The only problem is, nothing holds it in place, even though the channels fit nicely and should make it light tight.   I understand that some people have made small metal brackets to hold the holder in place, secured by the screws that held the spring back.   Does anyone know if that's a realistic thing to do?

I have the tools to make these, but I don't want to damage or change the camera in any permanent way.


----------



## Designer (Nov 13, 2012)

You would have to remove the ground glass to expose roll film anyway.  But don't throw it away.


----------



## IanG (Nov 13, 2012)

Look on the graflex.org website there's a page about modifying to take a RF back.

There's various options for making  a system to lock a back in place, I've made anadaptor backs for one of my quarter plate cameras to allow it to take a Grafle RH10 back, I just used metal sliders.

I have a Busch Pressman D which is a 6x7/6x9 camera and quite similar but that has a mechanism to allow a back to slide into place. Have fun a nice format & camera.

Ian


----------



## The Barbarian (Nov 13, 2012)

Designer said:


> You would have to remove the ground glass to expose roll film anyway.  But don't throw it away.



Right.   It's why I don't want to make any kind of a permanent change.   Who knows when I might want to calibrate the rangefinder, again?   Do they still make 2 1/4X 3 1/4 sheet film?  Got lots of little wooden holders with dark slides.

Edit:   Got a bit of metal, bent it into two little brackets, drilled holes, and used the spring screws to hold it down.  Seems secure and tight.   I'll give it a go this weekend.


----------



## compur (Nov 13, 2012)

The Barbarian said:


> Do they still make 2 1/4X 3 1/4 sheet film?  Got lots of little wooden holders with dark slides.

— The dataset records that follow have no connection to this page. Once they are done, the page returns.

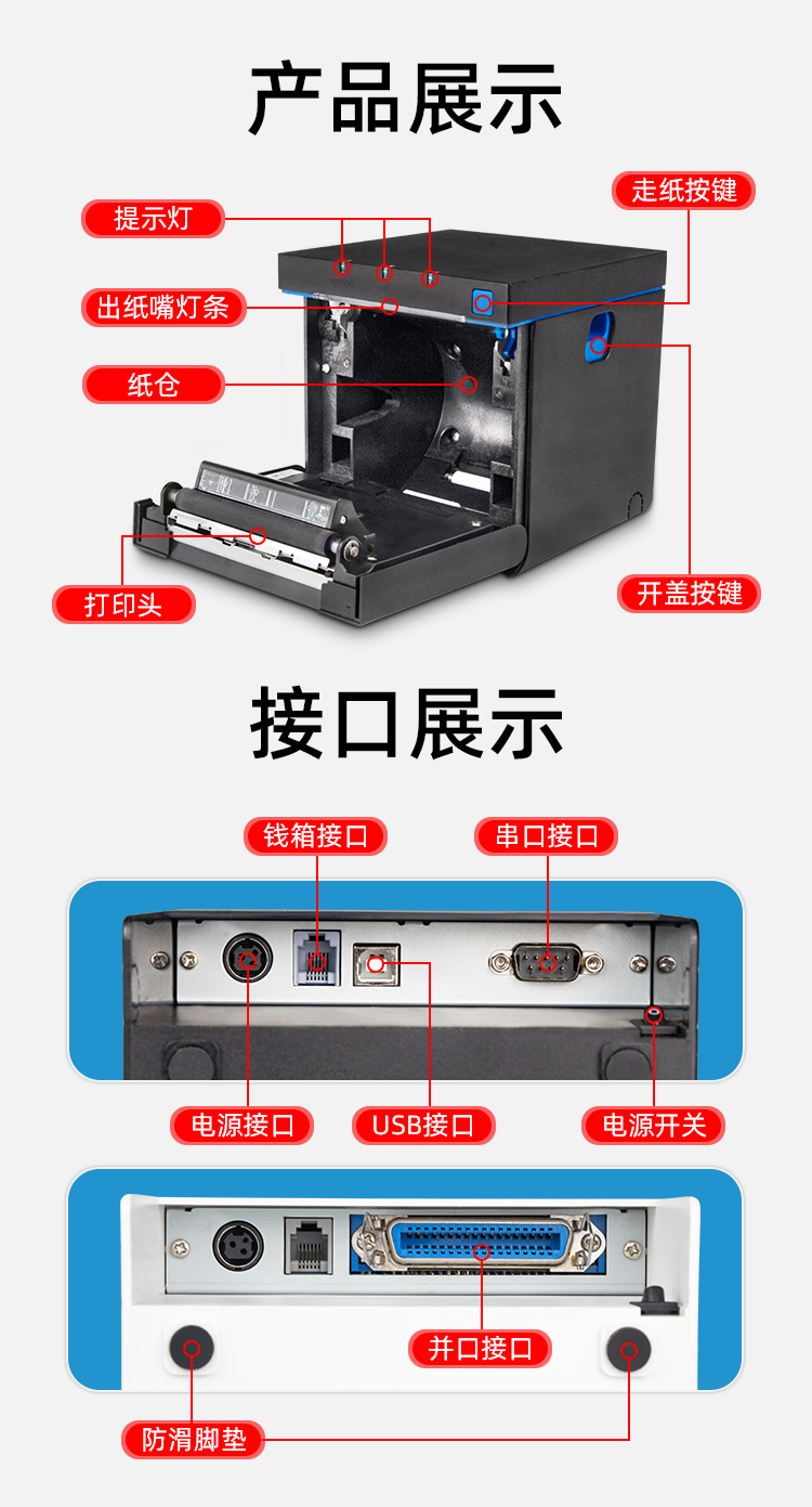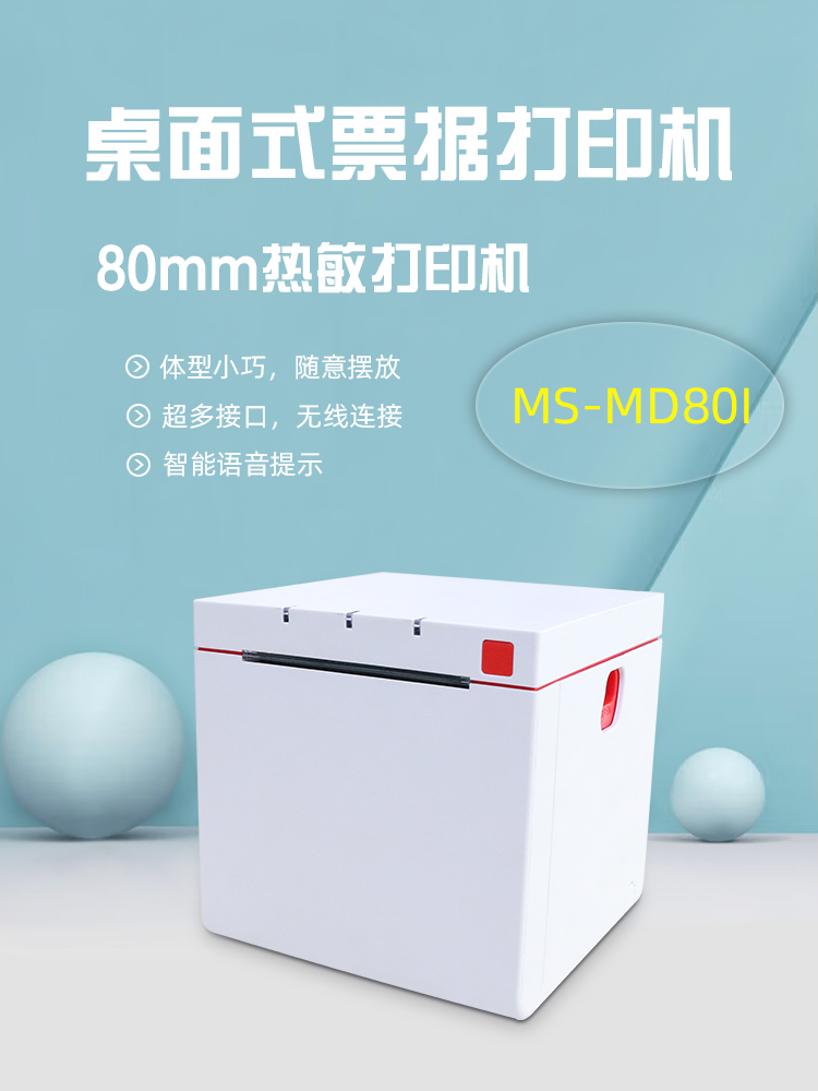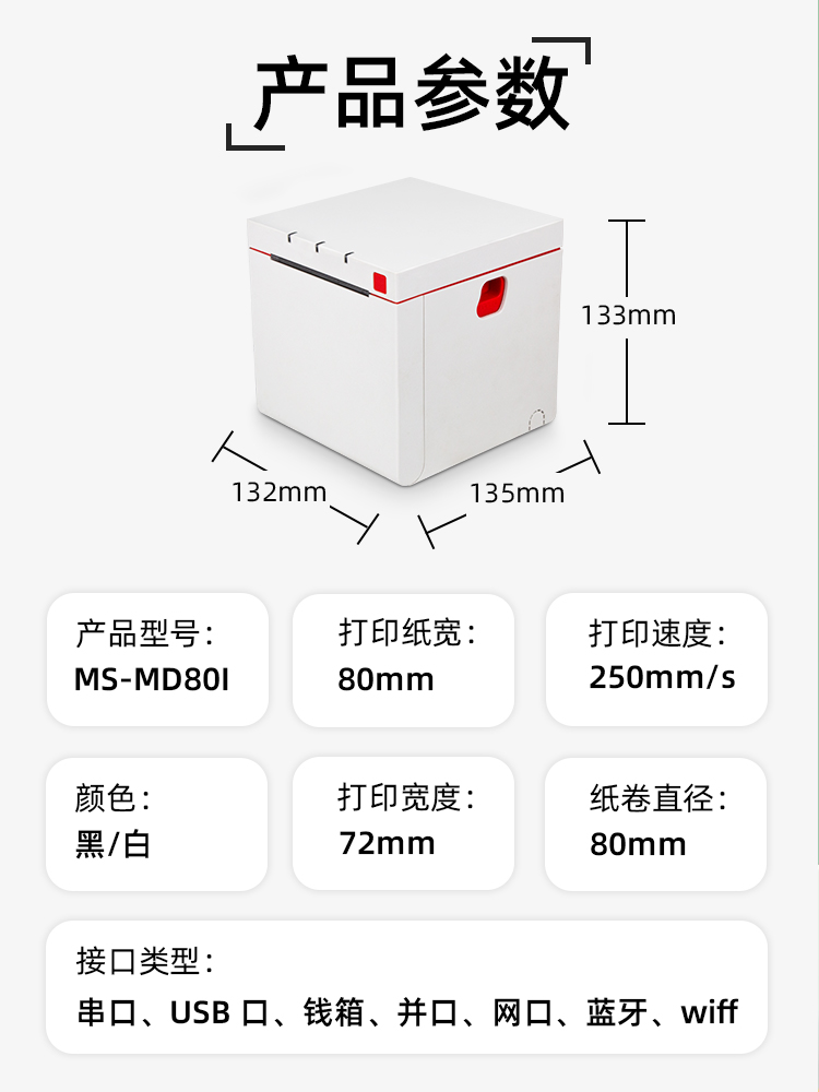 MD80I是一款高顏值的可桌面也可壁掛的票據(jù)打印機(jī)。MD80I外形四四方方的,圓潤(rùn)一體設(shè)計(jì)、簡(jiǎn)于外,精于內(nèi)。流線造型,外觀簡(jiǎn)潔大方。顏色搭配顯得更加干凈整潔,可內(nèi)嵌于一些自助ai設(shè)備上,也可直接進(jìn)行使用。MS-MD80I是一款全能的桌面式壁掛式票據(jù)打印機(jī),適用于零售商超、中小電商、倉(cāng)儲(chǔ)物管、影院娛樂等行業(yè)領(lǐng)域,支持簡(jiǎn)體/繁體、英/日/韓文多種國(guó)際語(yǔ)言,新零售、跨境電商、影院更適合。MS-MD80I擁有超高速打印速度,采用高級(jí)強(qiáng)勁機(jī)芯,打印速度可高達(dá)250MM/S成為市面上同類產(chǎn)品中快速打印的佼佼者,清晰穩(wěn)定與高速皆可兼得帶來(lái)顧客滿分體驗(yàn)。MS-MD80I擁有豐富的可選接口,支持RS232串口、USB、網(wǎng)口,可選配藍(lán)牙、WiFi等接口、同時(shí)支持24V錢箱接入、滿足不同的連接需求。專業(yè)黑標(biāo)定位功能,前出紙打印,無(wú)線連接,藍(lán)牙接口連接,WiFi接口連接,USB連接,打印機(jī)外殼材質(zhì)高端,內(nèi)置機(jī)芯打印速度快。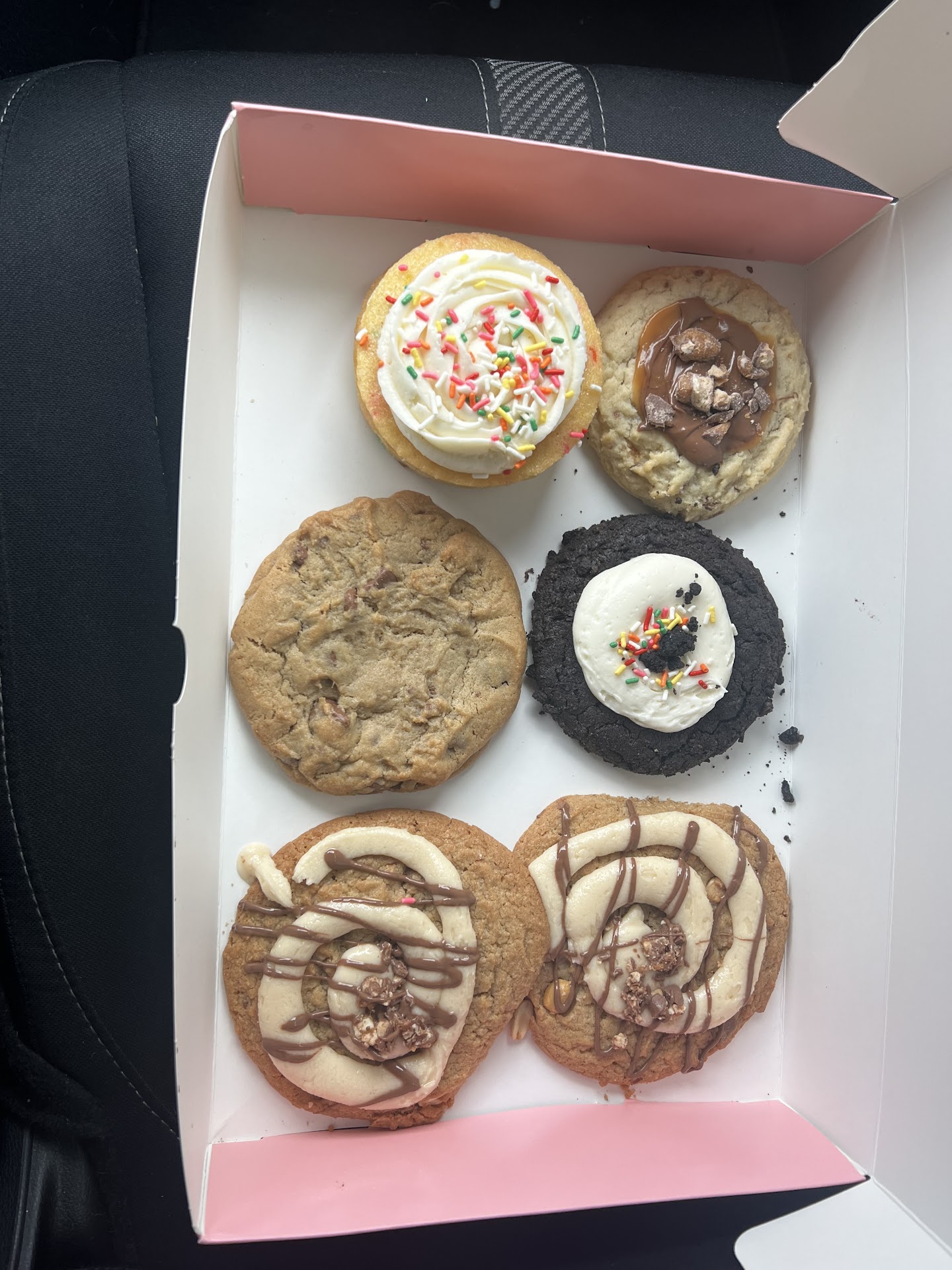 Read moreThis was probably my worst experience within a food industry just because of the customer service. I walked in right after I said I was here online I checked in. I walked in. No one greeted me. Nobody asked for my name. Nobody asked if I was picking up. I went straight to the pick up counter and waited there for 15 minutes just for someone to acknowledge me 15 minutes after while multiple people walked in they were greeted they were asked their name, and they were given their cookies immediately after now still waiting after those 15 minutes, I so happen to have a friend walk in and she asked the lady boxing the cookies up for me if my cookies were ready when she got her cookies, she left the girl boxing up the cookies for online orders very rude and disgusting and nasty attitude she had little orange and yellow hair. The way she held those boxes of cookies below their her waist to bring it to the customer was disgusting. You could tell just by the way that she carries herself making those cookies and she hates her job. I think every single employee in that store today should learn what a good customer service is because what I saw today. It definitely was not….. the picture I added is the cookies I waited over 15 minutes for. I definitely expected a better experience and cookies that actually...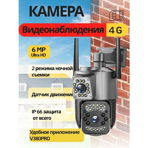 Уличная поворотная Camera 6MP, с обратной голосовой связью. Разрешение: 1920*1080 HD. Градус поворота 350 градусов по горизонтали и 180 градусов по вертикали. За счет двойной камеры не имеет слепых зон. Защищенность ip 67, что позволяет использовать ip камеру видеонаблюдения на улице в агрессивной среде. Запись сохраняется в облачном хранилище или на карте памяти объемом до 128 ГБ. Диаметр объектива 2.8. За счет LED подсветки в ночное время камера покажет цветное изображение, а за счет ИК черно-белое. Видеокамера 4G от сим карты, позволяет вести наблюдение даже в условиях слабого освещения или полной темноты. Двойная камера видео наблюдения имеет охранный режим, позволяющий самостоятельно следить за движением на объекте и отправлять Вам уведомление. Уличная камера видеонаблюдения с поддержкой уведомления, без труда спугнет нарушителя с вашего участка, дачи, квартиры, есть тревожный сигнал . Данная камера видеонаблюдения уличная имеет дальность ИК подсветки 30м. Также камера снабжена микрофоном, поэтому вы можете использовать ее в качестве домофона. В данной версии камеры улучшен 4G модуль, позволяющий камере принимать сигнал на большем расстоянии. Работает на приложении v380Pro.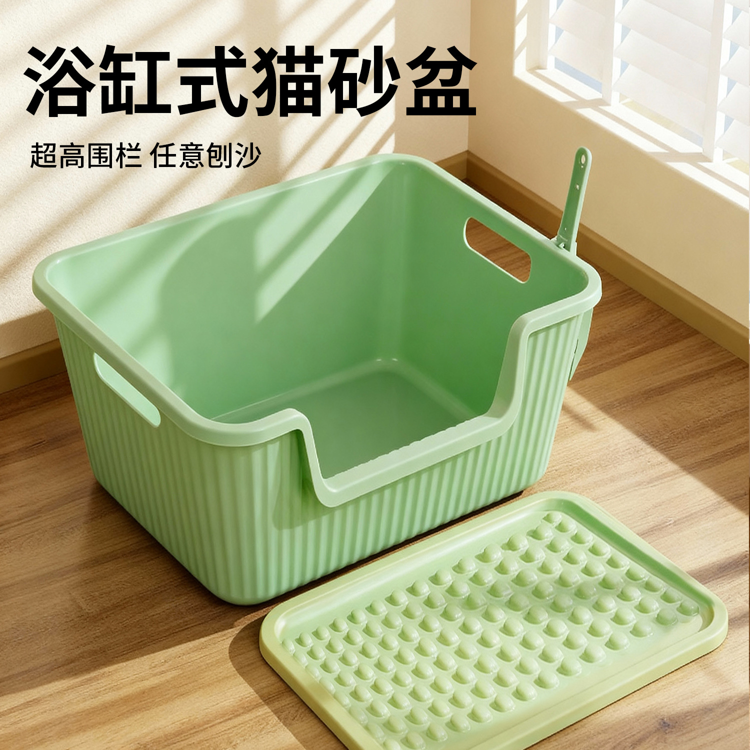 고양이 화장실 초대형 개방형 방수 새끼 고양이 화장실 욕조 반폐쇄형 초대형 고양이 화장실

Yes, Freestyle lists 2 films though they are currently out of stock. Ilford still makes film in that size but you must order it from a UK dealer I believe.


----------



## timor (Nov 14, 2012)

I don't know, how old is this info :
2x3" Sheet Film
Maybe that will be better, but it looks like for this year Ilford is done with odd sizes cut film.
http://www.ilfordphoto.com/Webfiles/20124301337541807.pdf


----------